Risk & Compliance

DoJ Proposes Weakening Tech Immunity Law

"The time is ripe to realign the scope of Section 230 [of the Communications Decency Act] with the realities of the modern internet."
Matthew HellerJune 18, 2020

The U.S. Department of Justice has recommended changes to the law that protects online platforms from liability for content posted by their users and allows them to moderate that content.

In unveiling the reform package, the DoJ said the time was “ripe to realign the scope of Section 230 [of the Communications Decency Act of 1996] with the realities of the modern internet. Reform is important now more than ever.”

Among other things, the proposal would amend Section 230 to remove the liability shield when a platform “purposefully facilitates or solicits third-party content or activity that would violate federal criminal law” and provide an exemption for claims that “address particularly egregious conduct,” including child exploitation, terrorism and cyber-stalking.

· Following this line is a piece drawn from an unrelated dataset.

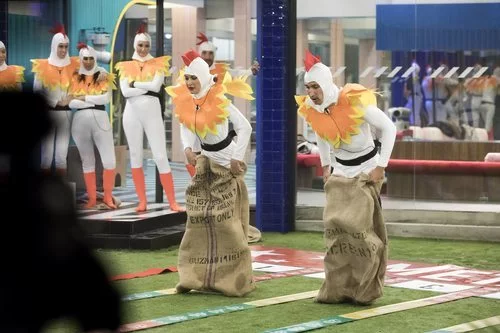 En la séptima gala de 'GH VIP 7', los concursantes participaron en carreras de sacos vestidos de gallinas. En la foto, Estela Grande (ganadora de la prueba) compite contra Gianmarco Onestini.

Section 230 also immunizes platforms from being held liable for restricting access to certain content including what they consider to be “otherwise objectionable.”

Under the DoJ’s blueprint, “otherwise objectionable” would be replaced with “unlawful” and “promotes terrorism.”

While some lawmakers have called for the law to be repealed entirely, the DoJ said it was aiming for a “productive middle ground” and had identified “a set of measured, yet concrete proposals that address many of the concerns raised about Section 230.”

“These reforms will ensure that Section 230 immunity incentivizes online platforms to be responsible actors,” Attorney General William Barr said in a news release.

As Ars Technica reports, ‘”Section 230’ has become a rallying cry for politicians of both parties who feel that the status quo of social media isn’t working.” Sen. Mark Warner, Virginia Democrat, suggested the DoJ had gone too far in seeking to limit tech companies’ discretion over the content on their sites.

“While I believe reform of this outdated law is needed, I have serious concerns that under the supervision of Attorney General Barr this effort has been politicized and will be used by the Trump administration to cow platforms into allowing Trump, dark money groups, and right-wing militias to continue to exploit their tools to sow disinformation, engage in targeted harassment, and suppress voter participation,” he said in a statement.